Researcher John Lott conducted another study favored by gun advocates, published in his 1998 book More Guns, Less Crime, which claimed that increasing numbers of concealed carry permits in a given area are associated with decreasing crime rates.
Both studies have been convincingly challenged in the scientific community. In a 2004 meta-study of gun research, the National Research Council of the National Academies of Science found that Lott’s claims were not supported by his data. And when Lott misrepresented the report (New York Post, 12/29/04), the NAS published a letter (Deltoid, 1/26/05) listing his distortions. Shooting Down the More Guns Less Crime Hypothesis (11/02), a paper published by the National Bureau of Economic Research, found crime actually increased in states and locales where concealed carry laws had been adopted.
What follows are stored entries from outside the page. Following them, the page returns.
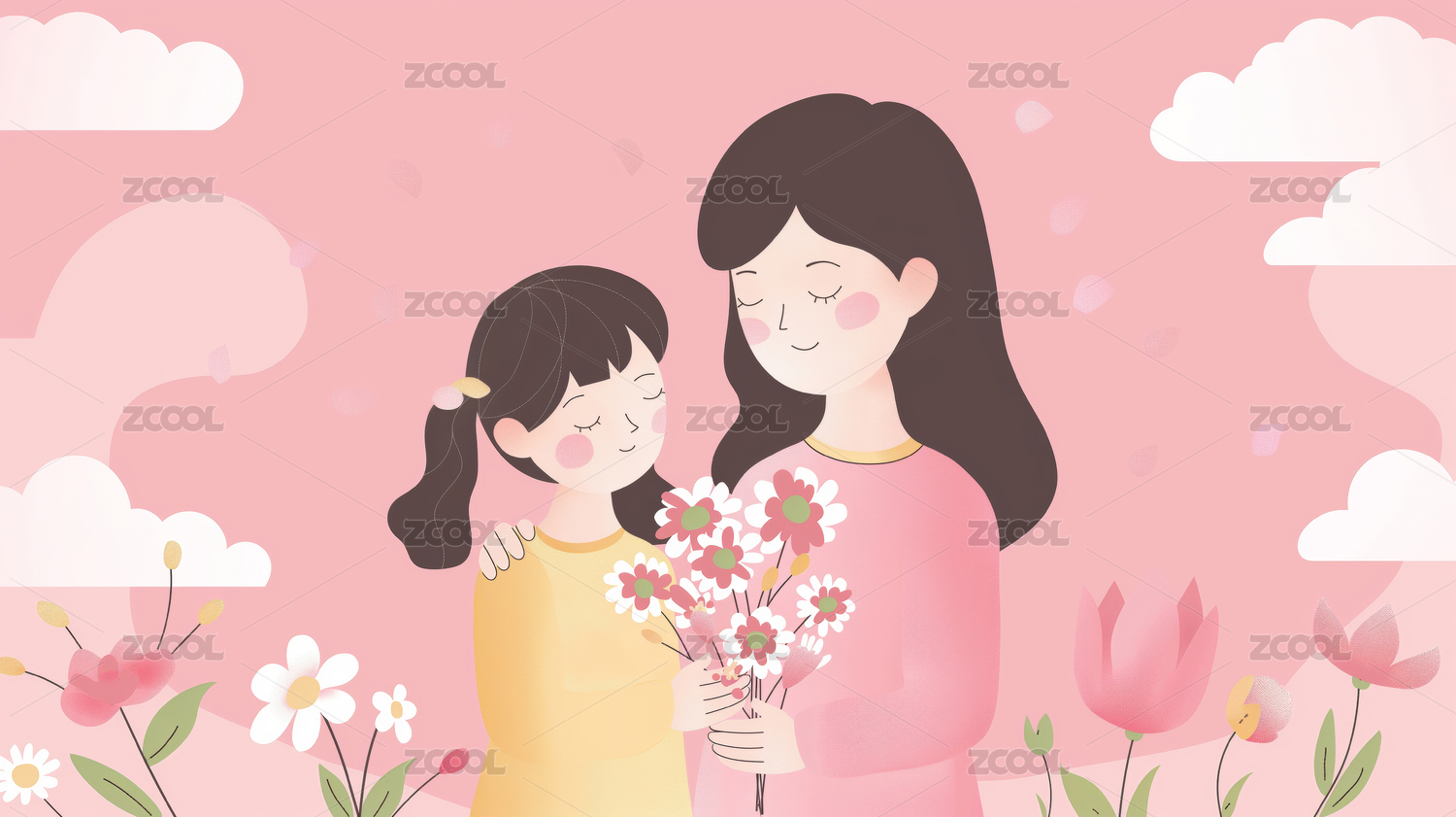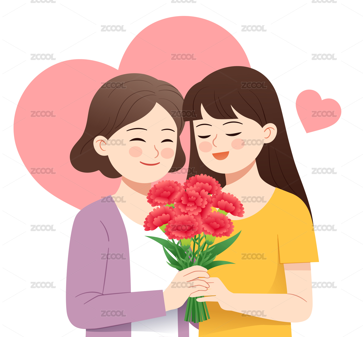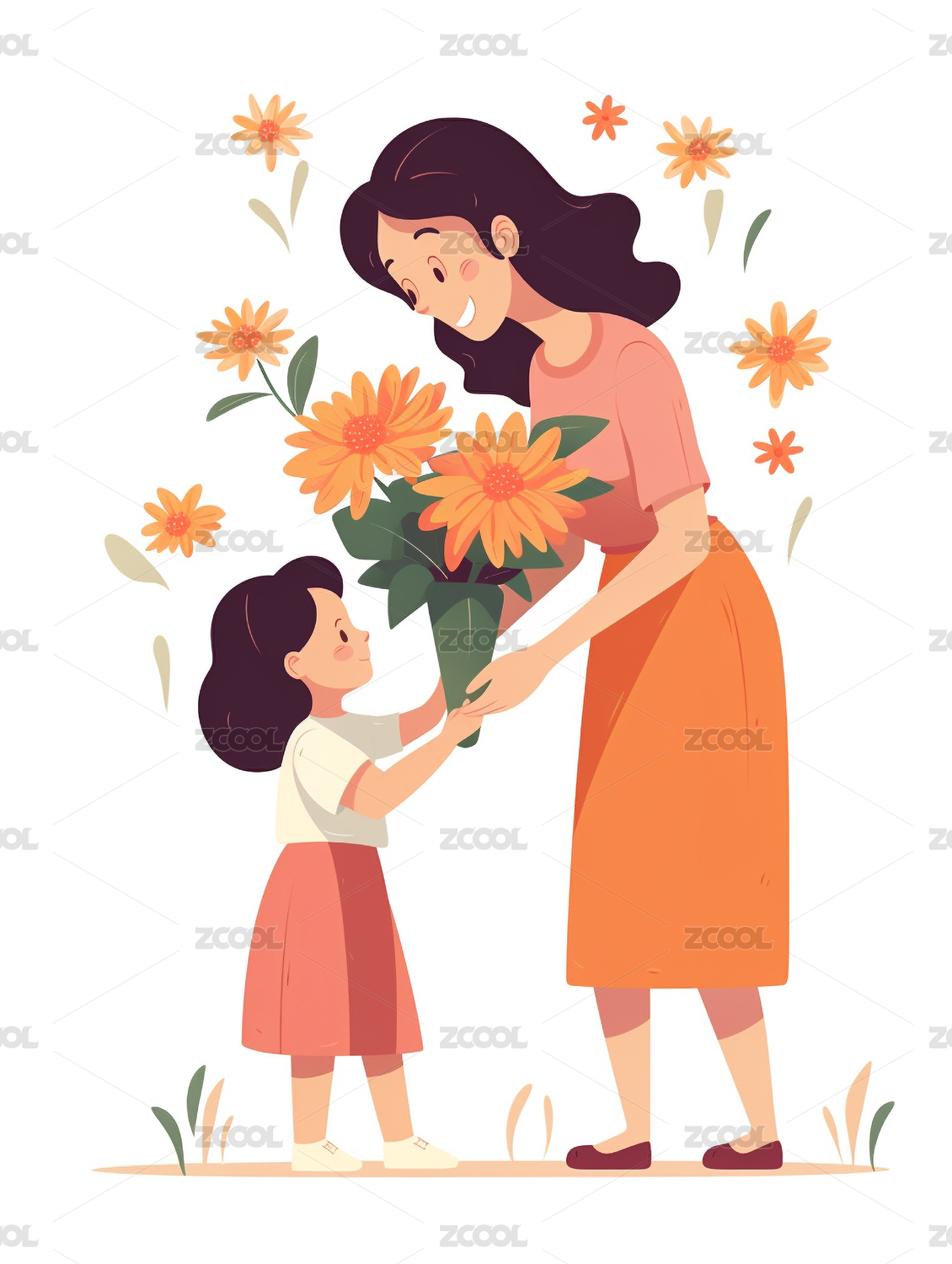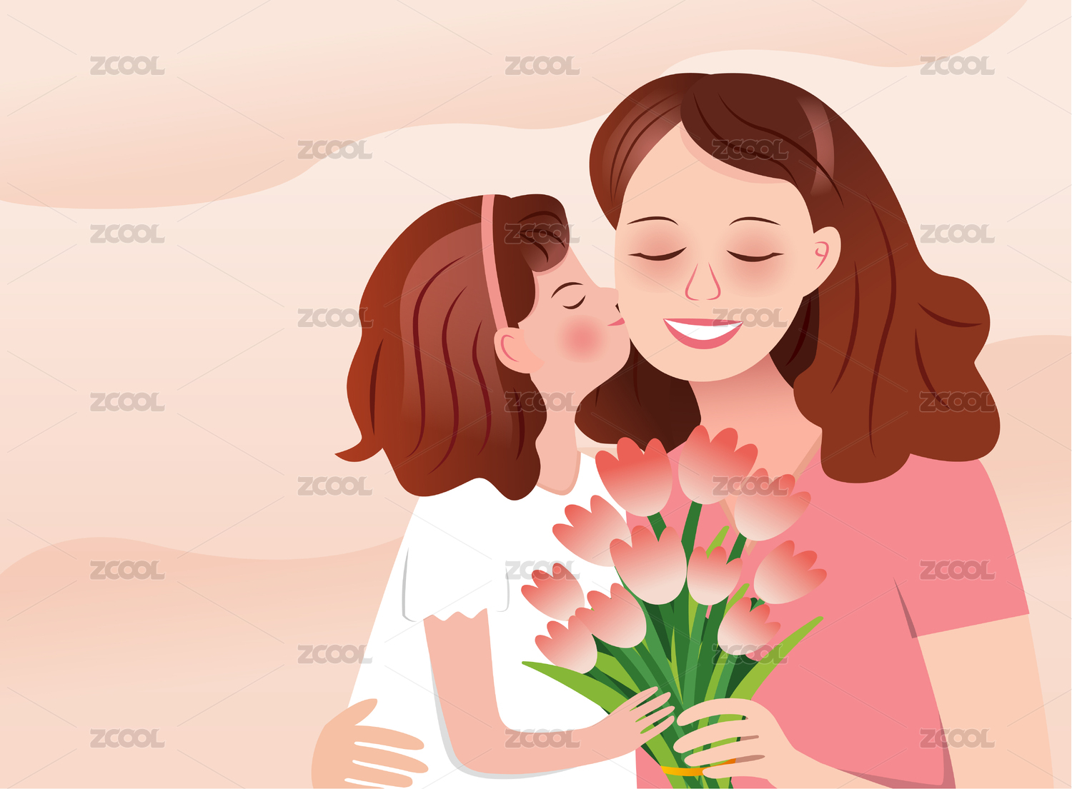 手绘矢量插画 女儿给妈妈送康乃馨 母亲节
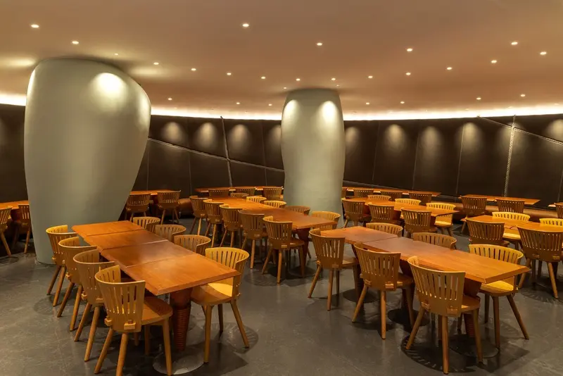 フラムドールの店内は、世界的デザイナーであるフィリップ・スタルクが手がけた、他では味わえない特別な空間です。278席という座席数を誇りながらも、天井の高い開放的な設計により、窮屈さを感じることなくゆったりと過ごせます。
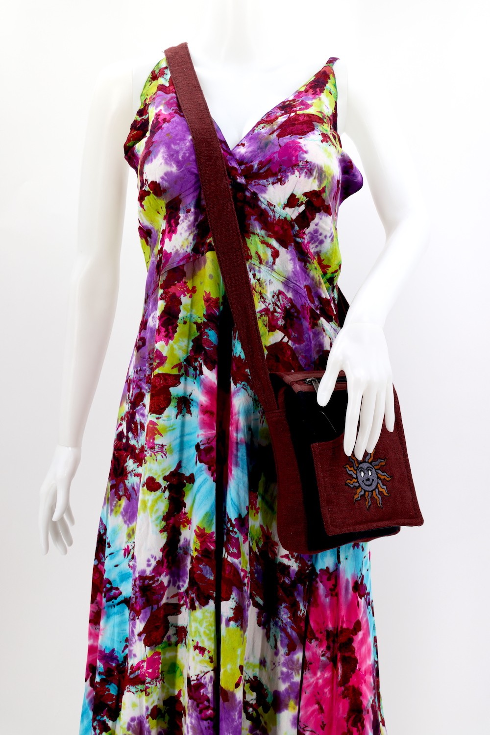 The beautiful Hand-Woven Cotton Travel bag is hand made in Nepal with pure 100% organic Himalaya Cotton. This modern Mushroom Embroidery Cotton passport bag is supremely versatile and fashionable. This bag features are it has two compartments with zippers and it has adjustable strap with outside two pockets in the front and in the main pocket above with a zipper. It is a fair trade made product.
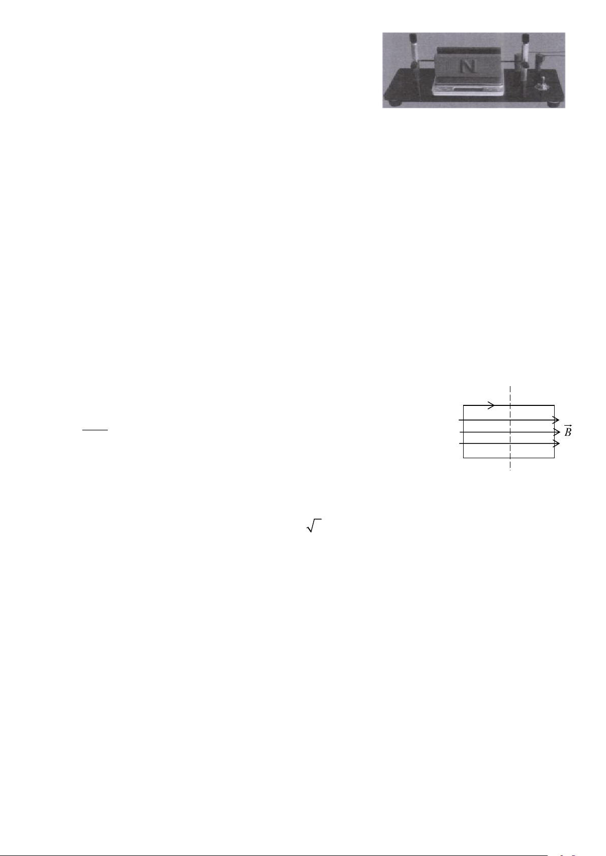 Câu 2: Trong bài thực hành đo cảm ứng từ bằng cân “dòng điện”. Nếu khung dây có 200 vòng, cạnh khung
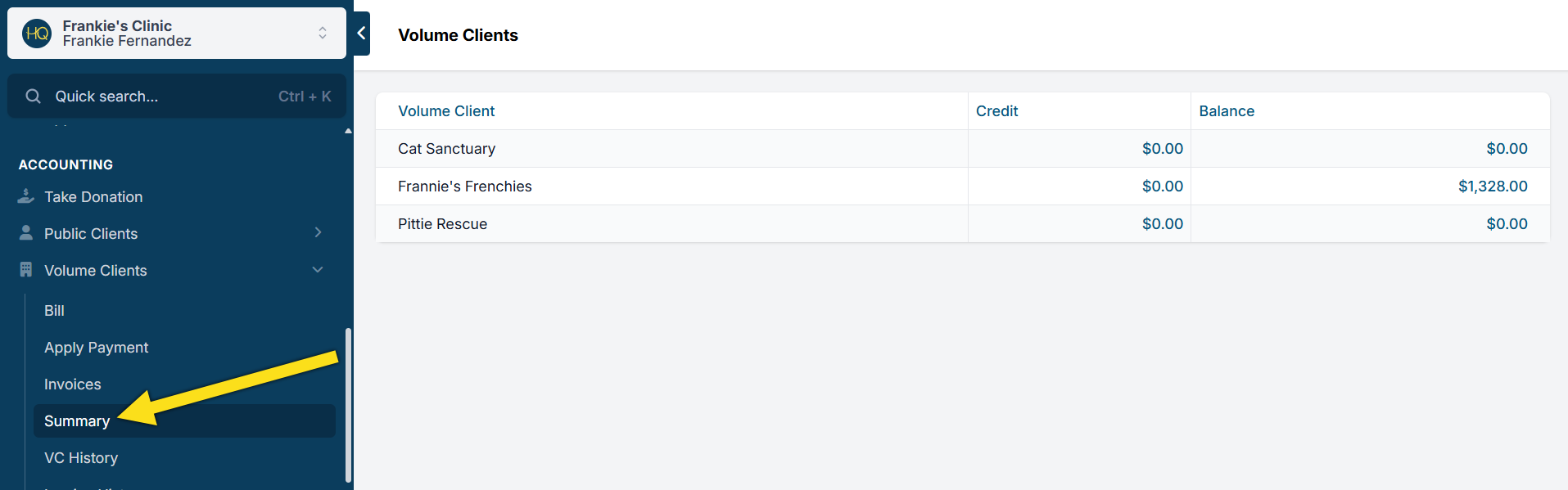 If the Volume Client has an available client credit, you must generate their invoice first. Then, apply the client credit to the invoice as a form of Payment. Read how to apply payment for a VC (blank)HERE.
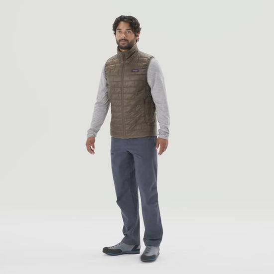 We built the Nano Puff® Vest for climbers who needed a weather-resistant, lightweight and packable synthetic insulation layer that could stay warm even when wet and withstand seasons of use. Ever since, those same features have made it the uncontested favorite midlayer for just about any outdoor pursuit. With fit refinements for improved mobility, 60-g PrimaLoft® Gold Insulation Eco 100% postconsumer recycled polyester with P.U.R.E.™ (Produced Using Reduced Emissions) technology, and a 100% recycled polyester shell and lining. Made in a Fair Trade Certified™ factory.
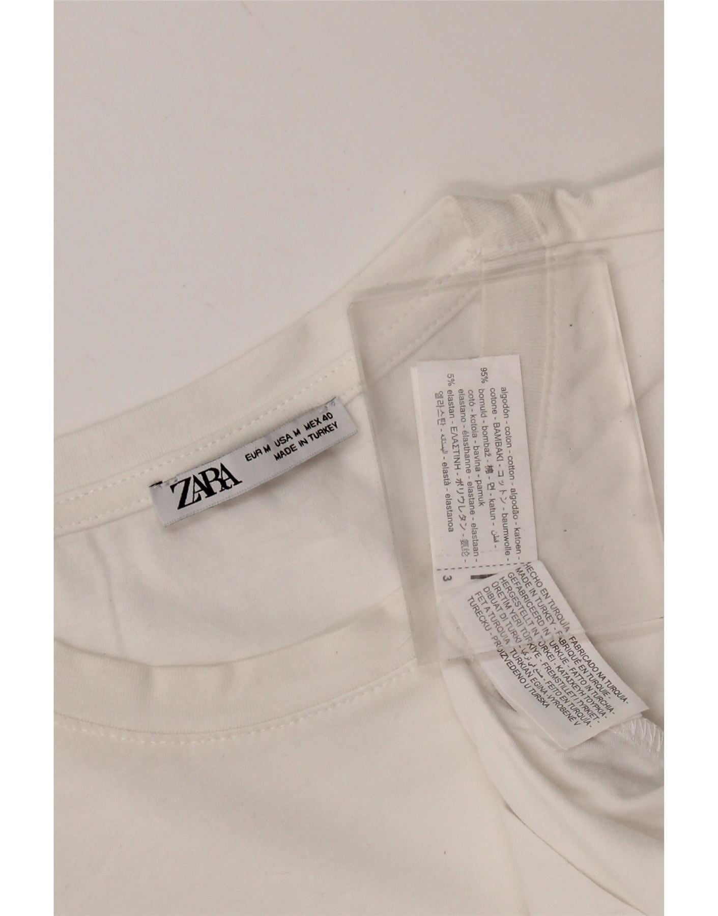 - AI Description: This Zara mens long-sleeve T-shirt is crafted from a soft white cotton jersey blend. The fabric includes elastane for comfortable stretch. It features a classic round neck and long sleeves, offering versatile coverage. The pullover style ensures ease of wear. A regular fit provides a comfortable and timeless silhouette. This classic piece is perfect for layering or wearing on its own.
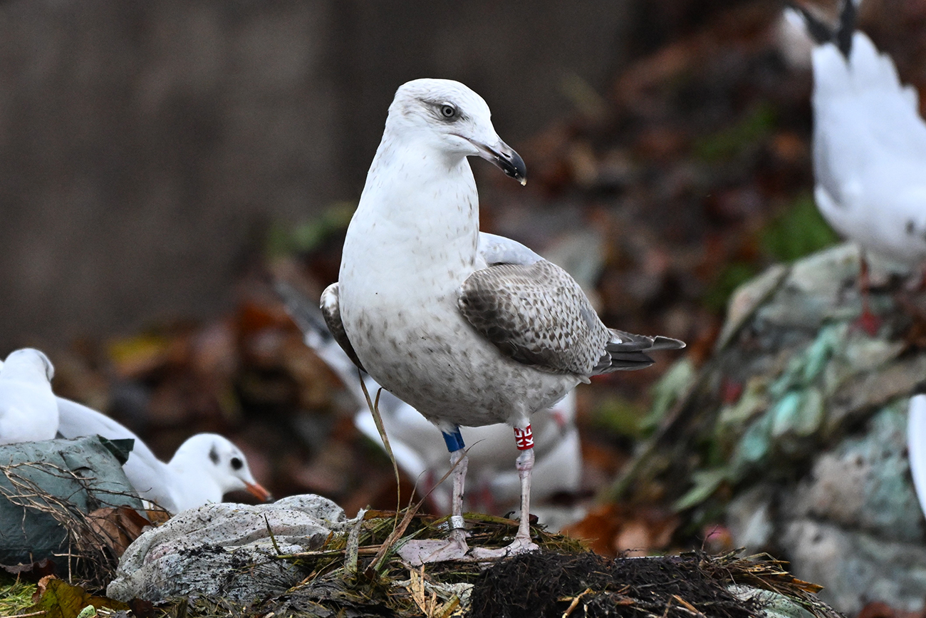 below: Herring Gull argenteus B / KE 2CY, December 02 2025, Almere - De Vaart, the Netherlands. Picture: Thijs Horst.
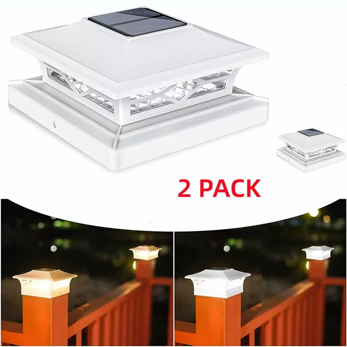 2 Pack Solar Post Cap Lights. 4”x4” 6”x6” Outdoor LED Fence Post Cap Lights. 2 Color Modes Solar Powered Deck Lights for Dock Waterproof. fit for Wooden/Vinyl Posts
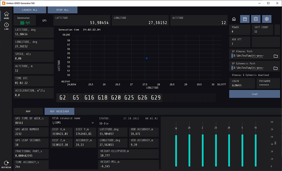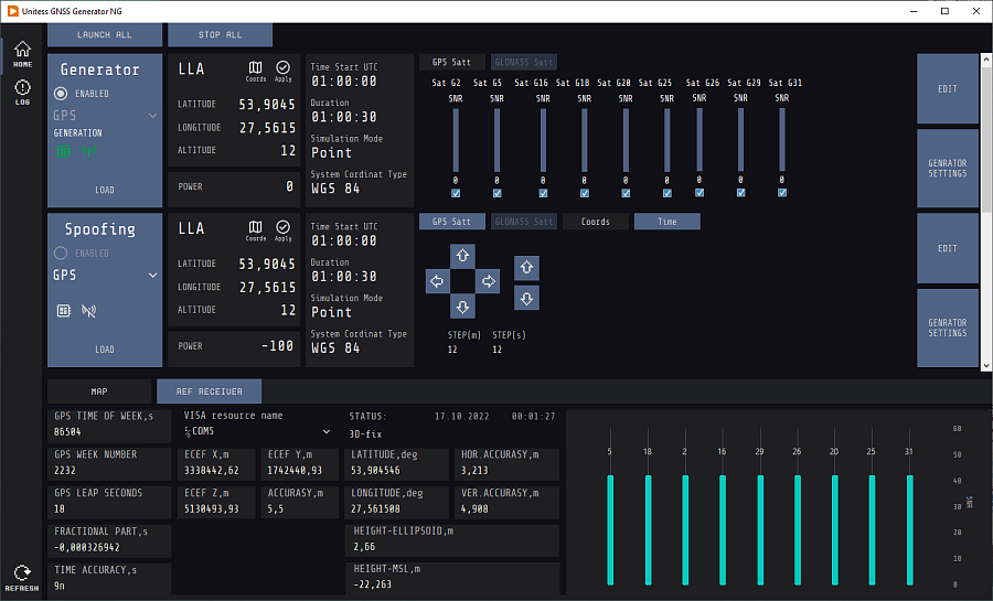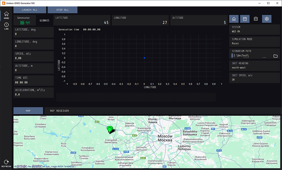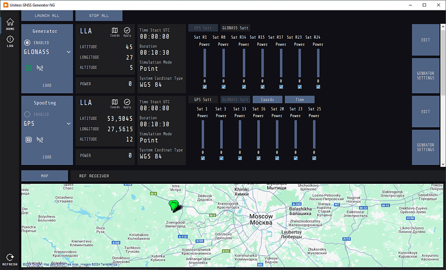 - Настройка параметров сигнала: мощность, количество спутников, временные параметры (время старта, длительность сценария).
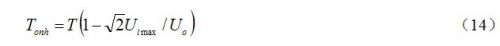 例如,假定導通時間為10μs,1.414Uimin/ Uo=0.65,如果輸入電壓在±20%范圍變化,最低輸入電壓為220×0.8,輸出電壓為Uo =1.414×220×0.8/0.65=383V。周期為10/0.35=28.57μs,頻率為35kHz。在15°時,周期為12μs,相當于開關頻率為83kHz。在最高輸入電壓時,由式(12)得到最高電壓導通時間Tonh=(0.8/1.2)2×TonL=4.444μs,在峰值時的開關周期為T=Tonh/(1-1.414×1.2×220/383)=176μs,相當于開關頻率為5.66kHz。
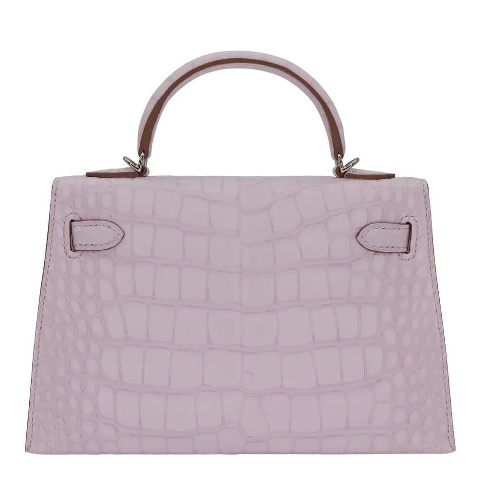 High-End Hermès Inspired – Kelly II Sellier Mini Mauve Pale Matte Alligator Palladium HW
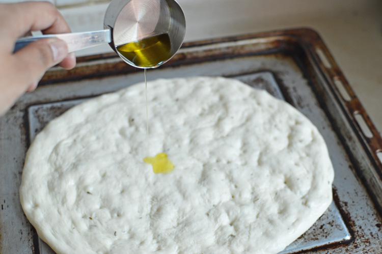 Once the dough has risen, knead it for another two minutes and flatten out on a well oiled tray (use a tablespoon of the remaining oil), making dimples with your fingers and add some more oil to the top.
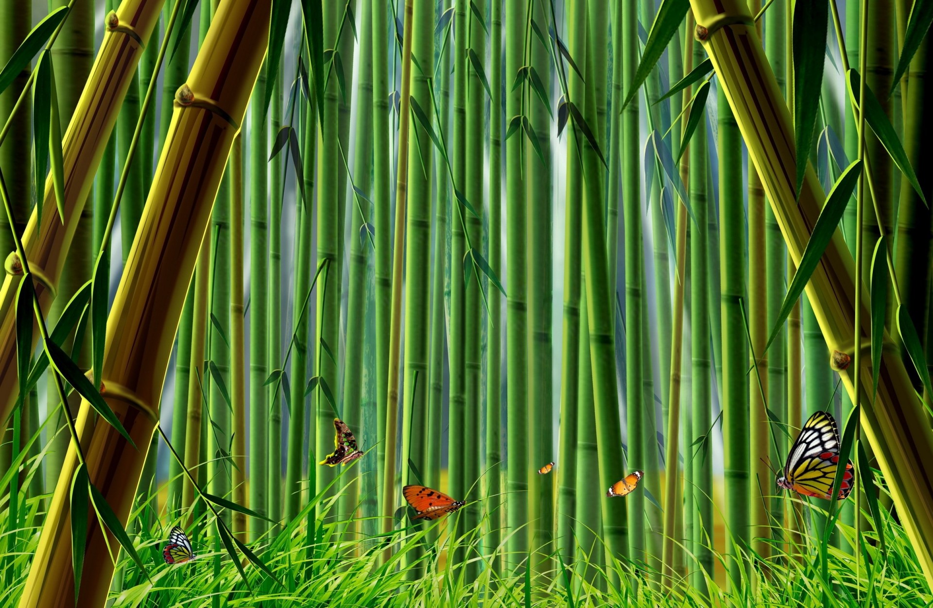 Motif de forêt de bambou et papillons

The Harvard School of Public Health’s David Hemenway took on Kleck in Survey Research and Self Defense Gun Use: An Explanation of Extreme Overestimates (Journal of Criminal Law and Criminology, 1997), demonstrating that because of the nature of the data, Kleck’s self-reported phone survey finding 2.5 million defensive uses of guns per year was wildly exaggerated. For example, Kleck says guns were used to defend against 845,000 burglaries in 1992, a year in which the National Crime Victimization Survey says there were fewer than 6 million burglaries.